▸ YOUR ASSIGNMENT: Print the lines of the listing below verbatim from its first line through the line bearing "Описание Фотообои F-189". Any pictures are to be omitted.

▸ INFORMATION PROVIDED:
::::

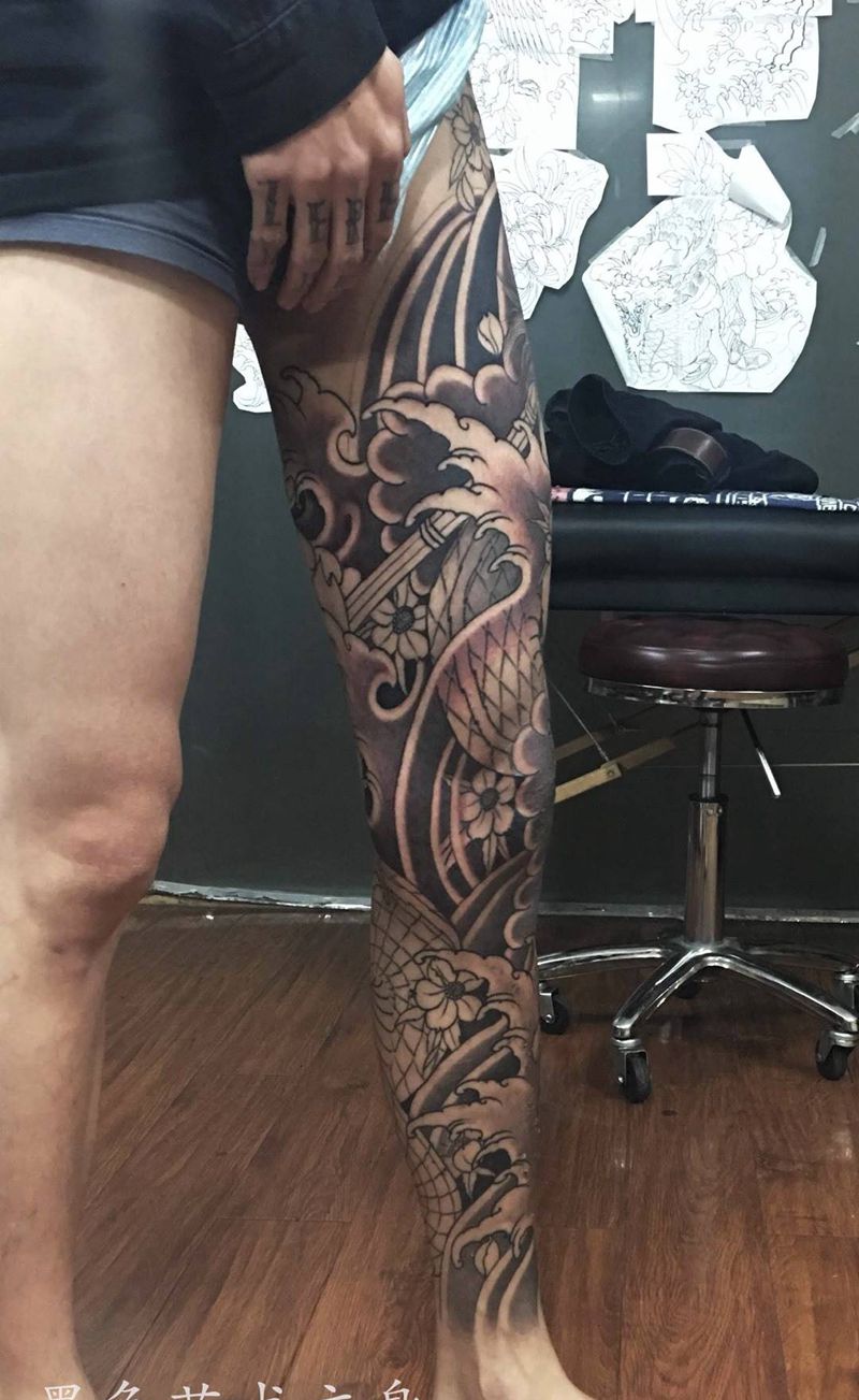 当前位置: 首页 >河南省郑州市纹身店-墨色刺青纹身图案>传统包腿纹身图片
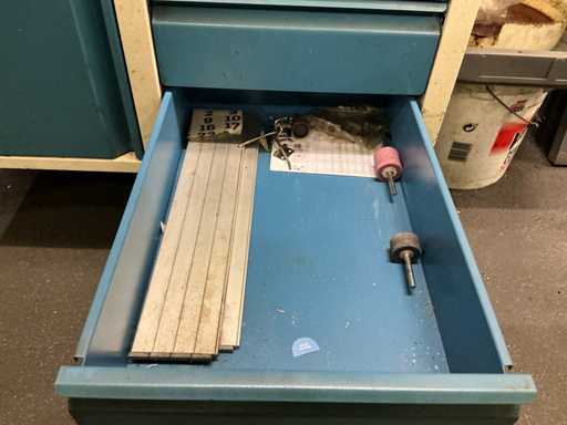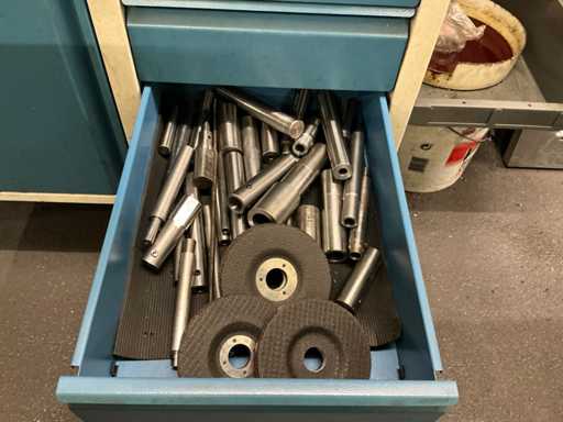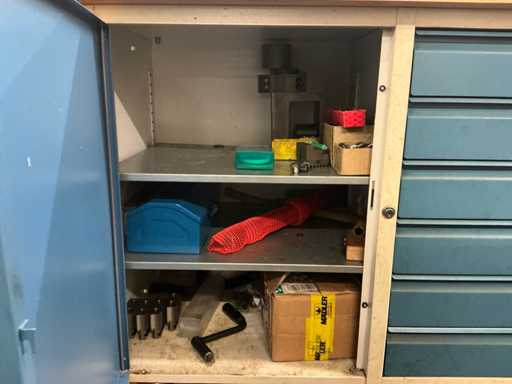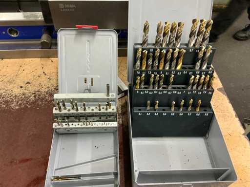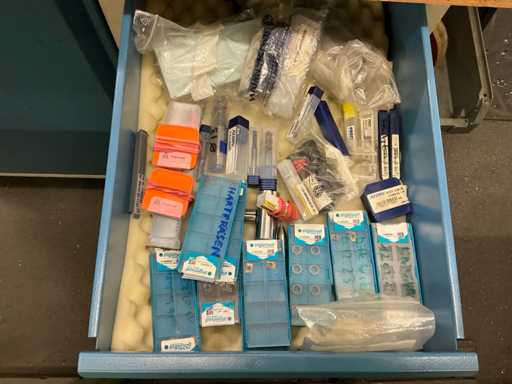 - Tiroir avec une large gamme de fraises/perceuses dans des boîtes en plastique (y compris Ingersoll, Dormer, ATORN, et bien d’autres)
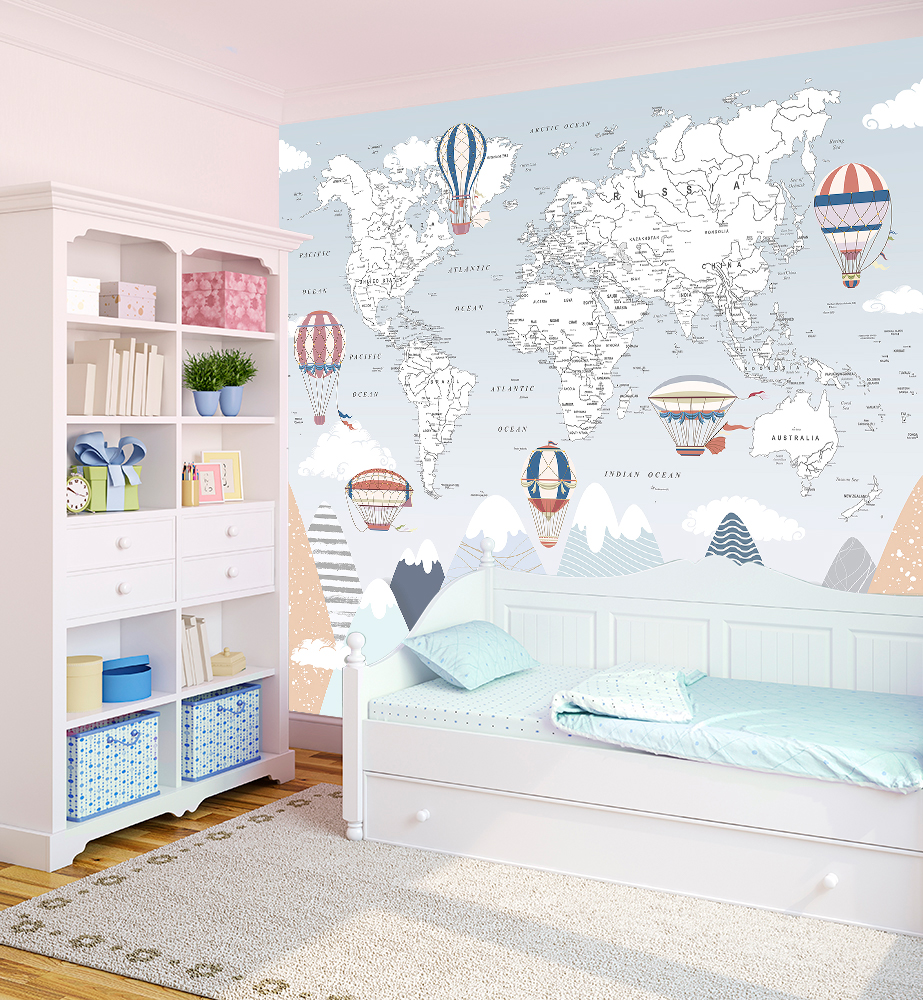 Описание Фотообои F-189 "Карта с горами ENG" 300х270
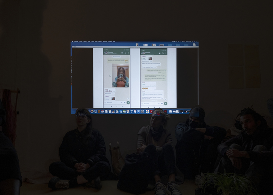 Pour HitStories, elle a donc abordé cette question d'un point de vue sculptural, mais aussi, pour la première fois, performatif. En nous invitant à lui rendre visite pour une conversation, un café ou un repas dans son proto-atelier/appartement, qui a été déplacé à Hit pour quatre jours, elle nous a également invités à assister à un rituel qu'elle accomplit habituellement avant ses performances, dans l'intimité de sa maison - celui de se faire tresser les cheveux. En déplaçant cette action et en la rendant visible, elle la relie aux questions d'intégration, mais aussi d'aliénation, de transformation et de fétichisation, qui sont au cœur de sa pratique.

::::

▸ TASK ANSWER:
 当前位置: 首页 >河南省郑州市纹身店-墨色刺青纹身图案>传统包腿纹身图片
 - Tiroir avec une large gamme de fraises/perceuses dans des boîtes en plastique (y compris Ingersoll, Dormer, ATORN, et bien d’autres)
 Описание Фотообои F-189 "Карта с горами ENG" 300х270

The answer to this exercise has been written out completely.